I mean, yeah, you can die in the process, but never mind that
It’s not like I had to cut into them.
They don’t hurt.
There’s no silicone.

Let me tell the women and girls out there one thing.
I thought for a long time that there was a connection.
Even with being raped.
For a long time, I thought if I did the skinny thing.
Over the years, I saw a pattern….
There being perhaps an advantage to having kept my scale over the many decades…
But me, I am so short, five foot one, that I don’t really need a fucking scale to tell me how much
My body weighs.
Well, when I am skinny I know I feel better.
I can see my food in my stomach.
I see it after I eat it.
I see it pass down into the lower part of my abdomen, and pass through my colon.
I wish for it to pass quickly.
And perhaps we all do the same.
Perhaps this fascination is universal, this watching of the lumps.

Sometimes, I touch them.
I touch veins with wonderment.
I poke each one, then let the blood flow again.
This is kind of sickly fascination you do only alone, maybe in the bathroom,
When no one else is looking.

No, ladies, it’s a myth that getting skinny stops rape.
It doesn’t stop the bosses from doing it.
Having this disease won’t get you that promotion.
Even though your boss said he’d give it to you if you fucked him.
In fact, you probably won’t be able to work if you have this disease.You’ll be too hungry to concentrate.

So tell the boss to fuck off.  Just quit, and keep on eating.
Being the way I am, and saying what I am saying is not going to change asshole men.
There will always be assholes out there.
And they will be assholes to anyone at any size or shape.
They will be assholes to little kids, boys too.  Let’s face it.
They will just keep on whistling.

That’s why women opt for the surgery, I suppose.
They just say, fuck it, the world’s not going to change.
It’s not like the assholes are going to stop discriminating against me when I go to job interviews.
Looking at my breasts instead of asking whether I can type.
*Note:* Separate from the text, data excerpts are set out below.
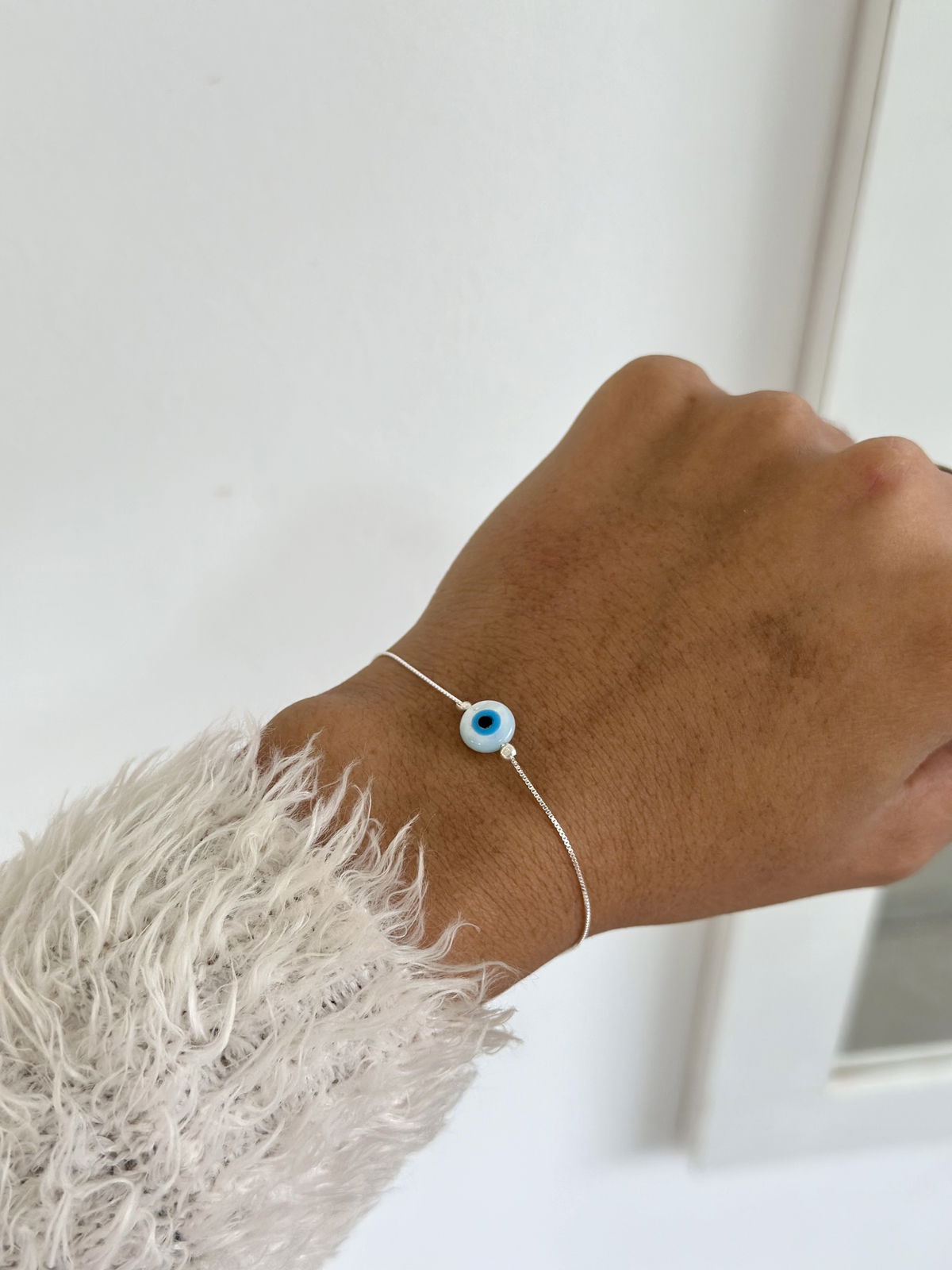 Pulsera 17cm ojito turco de nácar plata925.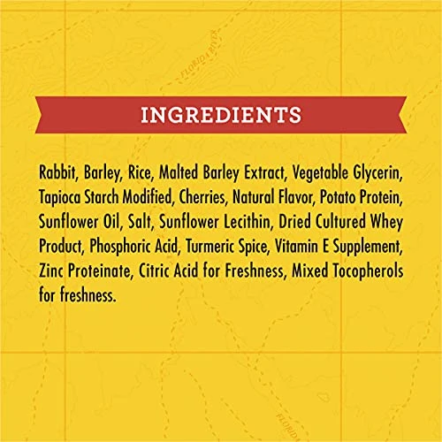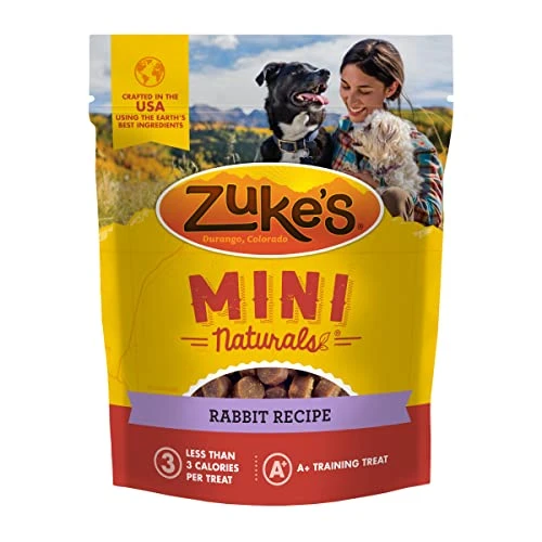 - Healthy dog treats made with natural ingredients like real rabbit and whole food berries
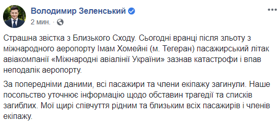 По предварительным данным, все пассажиры и члены экипажа погибли. Наше посольство уточняет информацию об обстоятельствах трагедии и списков погибших. Мои искренние соболезнования родным и близким всех пассажиров и членов экипажа", - написал Зеленский в Facebook.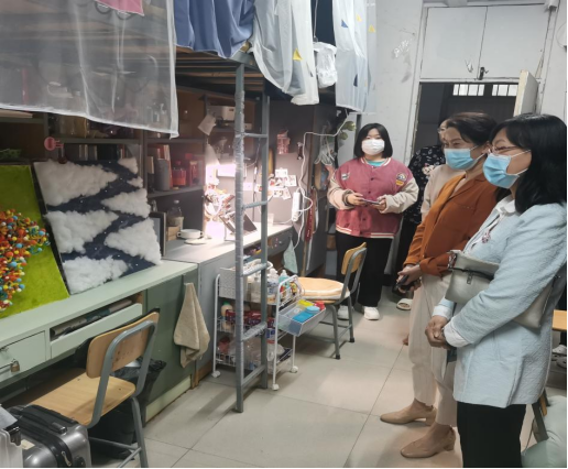 2022年4月29日下午,我院党委书记张利、党委副书记吴艳艳带队走访宁园5号学生宿舍,了解疫情防控期间我院学生的在校情况,面对面与学生们促膝长谈,送去殷切关怀和深切慰问,我院辅导员老师、学生干部陪同走访。

What do you think they do on match dot com?  Where do their eyes go?
Why do those men insist on a photo?  Assholes.

Yes, I will tell you right here right now.
I was told by a guy, “I will not have sex with a fat woman. It’s a turn-off.  I will not lie in bed with her.”

Okay, marry the guy, and live in mortal fear of food.  I can see it now.
Or, I guess, if you slip up, he would pay to have it cut off now and then, right?

Don’t fall for the myths.

Don’t marry an asshole.  Divorce him if you can.

Oh, live on, world.  I will laugh at you very hard today.